Работы о Льве Толстом — страница 20 из 310

Таковы источники новой художественной работы Толстого, плодом которой явились в 80-х годах народные рассказы и легенды и драма «Власть тьмы». Одно­временно с этим написана большая статья «Так что же нам делать?», связанная с работой Толстого по переписи в Москве. Тут ясно вскрывается сущность толстов­ского «кризиса», остановки —- он сам формулирует ее: «Только те, для которых важны и дороги нравственные истины, знают, как важно, драгоценно и каким долгим трудом достигается уяснение и упрощение нравственной истины — переход ее из спутанного, неопределенно сознаваемого предположения, желания, из неоп­ределенных, несвязных выражений в твердое и определенное выражение, неиз­бежно требующее соответствующих ему поступков... вся жизнь человеческая со всеми столь сложными и разнообразными, кажущимися независимыми от нрав­ственности деятельностями: и государственная, и научная, и торговая, и художе­ственная не имеет другой цели, как большее и большее уяснение, утверждение, упро­щение и общедоступность нравственной истины... Это уяснение незаметно точно так же, как незаметно различие тупого ножа от острого. Для того же, кто понял, что вся жизнь его зависит от более или менее тупого или острого ножа, для того важно всякоеувострение его, и тот знает, что конца нет этому увострению и что нож только тогда нож, когда он острый, когда он режет то, что нужно резать». С мукой и с наслаждением Толстой режет этим «увостренным» ножом все, что до сих пор казалось неделимым. Так и в вопросе о художнике: «Если люди действительно призваны к служению другим духовной работой, то они всегда будут страдать, исполняя это служение, потому что только страданиями, как муками, рождается духовный плод... Мыслитель и художник никогда не будет сидеть на олимпийских высотах, как мы привыкли воображать; он будет всегда, вечно в тревоге и волнении; он мог решить и сказать то, что дало бы благо людям, избавило бы их от страдания, а он не решил и не сказал, а завтра, может, будет поздно — он умрет. Не тот будет мыслителем и художником, кто воспитается в заведении, где будто бы делают уче­ного и художника (собственно же делают губителя науки и искусства), и получит диплом и обеспечение, а тот, кто и рад бы не мыслить и не выражать того, что заложено ему в душу, но не может не делать того, к чему влекут его две непреодоли­мые силы; внутренняя потребность и требования людей».

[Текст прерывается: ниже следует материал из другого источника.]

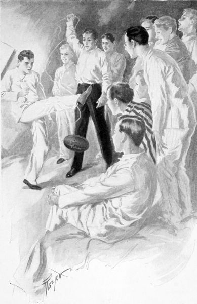 It was very still. Through the window, from where he lay, Evan could see thousands of bright frosty stars sparkling in the sky. That meant fair weather to-morrow, he told himself, and a dry field. Then his thoughts, in spite of[311] his utmost endeavors, went to the game, and presently he flopped over in bed and addressed the huddled form of his room-mate, seen dimly through the star-lit gloom:
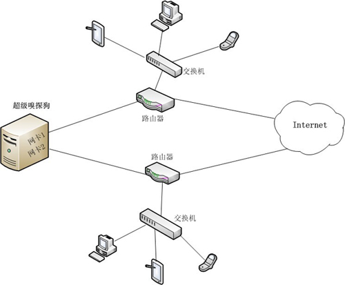 以同時監(jiān)控兩個局域網(wǎng)為例,如下圖:

Отсюда естественнее всего перейти к позднейшим размышлениям Толстого об искусстве и к его трактату «Что такое искусство?» (1897). Поэтому, чтобы не пре­рывать линии, намеченной этой главой, мы оставим пока в стороне художественные произведения 80-х годов, а скажем о них потом — в последней главе, предметом которой будет обозрение творчества Толстого в период 70-х и 90-х годов.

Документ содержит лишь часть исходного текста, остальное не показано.